Kanevsky is an unlikely player in this industry. He had to get a special waiver to study math at Moscow State University, where no accommodation was made for him. He learned to lip-read teachers and fellow students, and still relies on lipreading — in English and Russian — rather than the sign language used by most deaf people.

Kanevsky's first invention, designed while he was in school, is a wearable motor that translates speech into lower-frequency vibrations that can be felt on the skin. Kanevsky created it to help him learn to lip-read the speech of new acquaintances. He marketed the product through an Israeli company and still wears the original device on his arm. IBM's speech-research team, impressed by his math genius and practical inventiveness, outbid others to bring him to the company's Yorktown Heights, N.Y., research facility in 1986.

Because of his deafness, Kanevsky says, "I considered speech more mathematically and tried to find mathematical patterns rather than acoustic ones." One of his first breakthroughs was to teach computers a new way of picking out individual words in a stream of sound. Kanevsky's mathematical method made it possible for people to talk to ordinary computers without pausing ... after ... each ... word. Derivatives of this algorithm, first published in 1991, are used in many of today's voice-recognition products.

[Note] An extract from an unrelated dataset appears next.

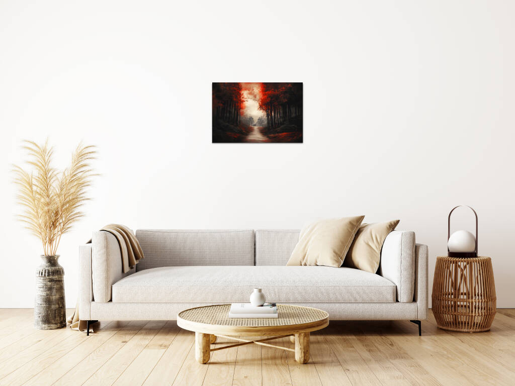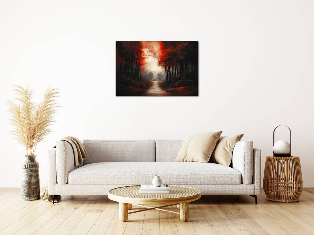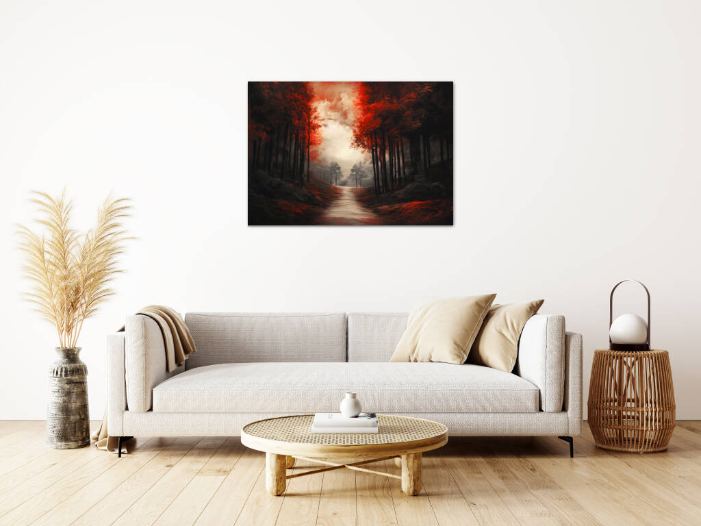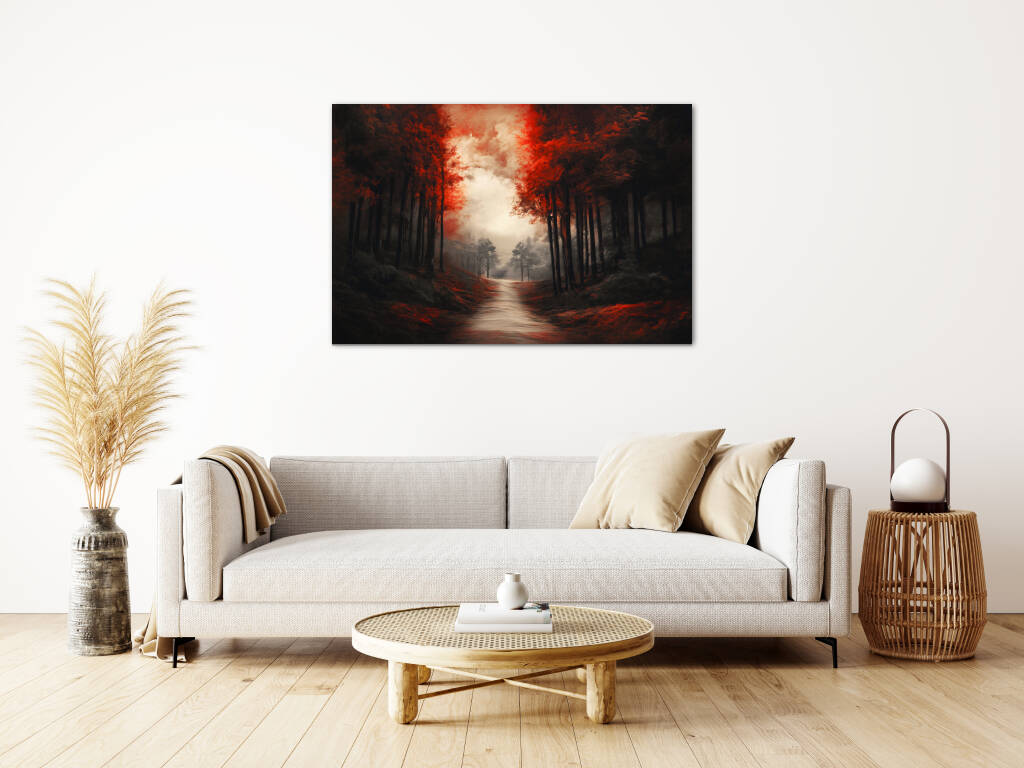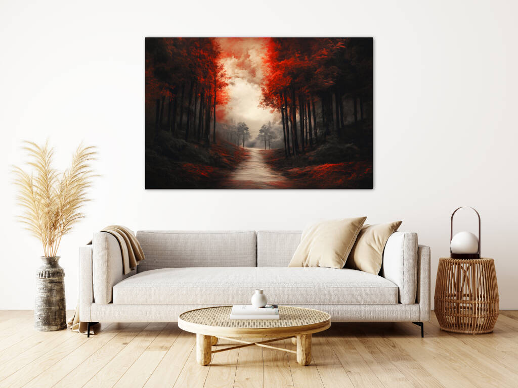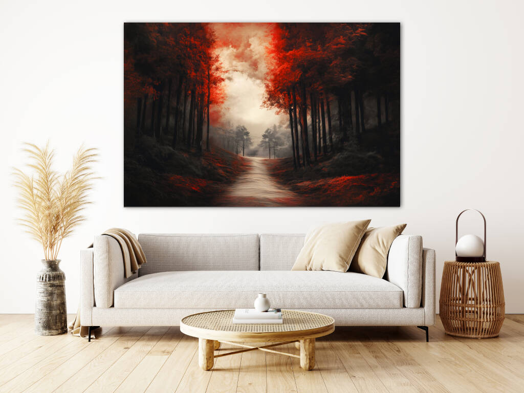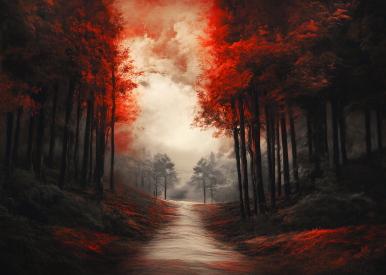 Red Forest toont een betoverende wandeling door een mystiek bos waar herfstbladeren in vurige roodtinten een dramatisch natuurschouwspel creƫren. Het zachte licht dat door de boomkronen valt, werpt een dromerige gloed over het bospad dat zich uitstrekt naar de verte. De warme rode en oranje tinten contrasteren prachtig met de donkere boomstammen en scheppen een sfeer van romantiek en avontuur. Een inspirerend landschap dat de schoonheid van de natuur in al zijn seizoensglorie vastlegt.

Still, the technology has been slow to evolve, and IBM nearly killed its speech-recognition project in the early 1990s, when the company was struggling. "We had no product," Kanevsky explains. So he made a grandstand play. He connected recognition software to a telephone and was able to read the words of callers from around the world without the help of a human transcriptionist. "It helped push the morale of speech researchers higher," he says, and impressed senior managers enough to save the project.

Kanevsky's latest device is a tablet-size computer, with microphone attached, that transcribes whatever it hears. The software is "speaker independent," meaning it can transcribe anyone's speech without having to learn the voice of each new speaker. An earlier version of the software was a hit with deaf visitors to Kanevsky's lab, who carried it around on much bulkier laptops. The visitors, who did not read lips, found that the software let them connect more easily with the outside world, making others' speech visible. The new version is small enough to carry in a free hand. It's still experimental, but judging from Kanevsky's past, it may find a market.